▶ **TASK BRIEF**
Nothing in the records should be altered; retype them all exactly.

▶ **Entries taken from a collection**
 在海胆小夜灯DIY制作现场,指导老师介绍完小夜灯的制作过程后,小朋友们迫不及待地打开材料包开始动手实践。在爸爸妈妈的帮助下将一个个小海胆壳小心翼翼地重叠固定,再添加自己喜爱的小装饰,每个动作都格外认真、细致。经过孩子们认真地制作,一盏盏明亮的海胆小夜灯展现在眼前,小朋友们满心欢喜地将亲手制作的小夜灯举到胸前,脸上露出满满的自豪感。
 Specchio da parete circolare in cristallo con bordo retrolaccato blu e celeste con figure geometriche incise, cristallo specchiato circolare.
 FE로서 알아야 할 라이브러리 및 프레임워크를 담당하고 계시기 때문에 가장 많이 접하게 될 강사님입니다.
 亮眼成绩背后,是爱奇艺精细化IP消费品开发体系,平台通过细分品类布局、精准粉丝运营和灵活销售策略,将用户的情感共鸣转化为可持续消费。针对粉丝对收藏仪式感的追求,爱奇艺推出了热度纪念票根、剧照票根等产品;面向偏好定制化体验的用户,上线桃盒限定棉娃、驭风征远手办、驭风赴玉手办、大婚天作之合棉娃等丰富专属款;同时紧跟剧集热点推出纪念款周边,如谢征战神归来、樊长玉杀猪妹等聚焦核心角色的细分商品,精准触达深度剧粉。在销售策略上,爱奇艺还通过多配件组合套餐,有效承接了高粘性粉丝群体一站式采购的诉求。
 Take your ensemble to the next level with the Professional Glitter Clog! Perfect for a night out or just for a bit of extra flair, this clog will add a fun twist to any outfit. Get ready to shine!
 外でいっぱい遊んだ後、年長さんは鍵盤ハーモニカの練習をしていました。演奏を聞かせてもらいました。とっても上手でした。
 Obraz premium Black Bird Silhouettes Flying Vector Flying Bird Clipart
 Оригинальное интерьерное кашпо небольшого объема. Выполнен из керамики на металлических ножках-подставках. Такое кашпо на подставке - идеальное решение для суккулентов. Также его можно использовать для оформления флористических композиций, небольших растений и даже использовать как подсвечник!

▶ **ANSWER FOR THIS EXERCISE**
 在海胆小夜灯DIY制作现场,指导老师介绍完小夜灯的制作过程后,小朋友们迫不及待地打开材料包开始动手实践。在爸爸妈妈的帮助下将一个个小海胆壳小心翼翼地重叠固定,再添加自己喜爱的小装饰,每个动作都格外认真、细致。经过孩子们认真地制作,一盏盏明亮的海胆小夜灯展现在眼前,小朋友们满心欢喜地将亲手制作的小夜灯举到胸前,脸上露出满满的自豪感。
 Specchio da parete circolare in cristallo con bordo retrolaccato blu e celeste con figure geometriche incise, cristallo specchiato circolare.
 FE로서 알아야 할 라이브러리 및 프레임워크를 담당하고 계시기 때문에 가장 많이 접하게 될 강사님입니다.
 亮眼成绩背后,是爱奇艺精细化IP消费品开发体系,平台通过细分品类布局、精准粉丝运营和灵活销售策略,将用户的情感共鸣转化为可持续消费。针对粉丝对收藏仪式感的追求,爱奇艺推出了热度纪念票根、剧照票根等产品;面向偏好定制化体验的用户,上线桃盒限定棉娃、驭风征远手办、驭风赴玉手办、大婚天作之合棉娃等丰富专属款;同时紧跟剧集热点推出纪念款周边,如谢征战神归来、樊长玉杀猪妹等聚焦核心角色的细分商品,精准触达深度剧粉。在销售策略上,爱奇艺还通过多配件组合套餐,有效承接了高粘性粉丝群体一站式采购的诉求。
 Take your ensemble to the next level with the Professional Glitter Clog! Perfect for a night out or just for a bit of extra flair, this clog will add a fun twist to any outfit. Get ready to shine!
 外でいっぱい遊んだ後、年長さんは鍵盤ハーモニカの練習をしていました。演奏を聞かせてもらいました。とっても上手でした。
 Obraz premium Black Bird Silhouettes Flying Vector Flying Bird Clipart
 Оригинальное интерьерное кашпо небольшого объема. Выполнен из керамики на металлических ножках-подставках. Такое кашпо на подставке - идеальное решение для суккулентов. Также его можно использовать для оформления флористических композиций, небольших растений и даже использовать как подсвечник!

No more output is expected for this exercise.